WHAT THE TASK ASKS »
Reproduce the entries shown below only from the line with "Versatile personality opening" down to the line with "Adjustable drawcord at", keeping both end lines and copying each one exactly.

AVAILABLE DATA »
========================
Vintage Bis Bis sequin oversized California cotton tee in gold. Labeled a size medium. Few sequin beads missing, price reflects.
========================
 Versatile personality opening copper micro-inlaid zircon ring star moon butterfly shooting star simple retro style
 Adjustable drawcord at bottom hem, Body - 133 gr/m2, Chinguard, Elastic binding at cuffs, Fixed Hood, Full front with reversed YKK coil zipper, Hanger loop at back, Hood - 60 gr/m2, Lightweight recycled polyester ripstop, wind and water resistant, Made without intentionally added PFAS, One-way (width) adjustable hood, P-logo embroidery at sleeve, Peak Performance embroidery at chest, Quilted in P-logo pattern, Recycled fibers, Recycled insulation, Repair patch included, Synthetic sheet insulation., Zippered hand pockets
========================
ANSWER SPACE »
 Versatile personality opening copper micro-inlaid zircon ring star moon butterfly shooting star simple retro style
 Adjustable drawcord at bottom hem, Body - 133 gr/m2, Chinguard, Elastic binding at cuffs, Fixed Hood, Full front with reversed YKK coil zipper, Hanger loop at back, Hood - 60 gr/m2, Lightweight recycled polyester ripstop, wind and water resistant, Made without intentionally added PFAS, One-way (width) adjustable hood, P-logo embroidery at sleeve, Peak Performance embroidery at chest, Quilted in P-logo pattern, Recycled fibers, Recycled insulation, Repair patch included, Synthetic sheet insulation., Zippered hand pockets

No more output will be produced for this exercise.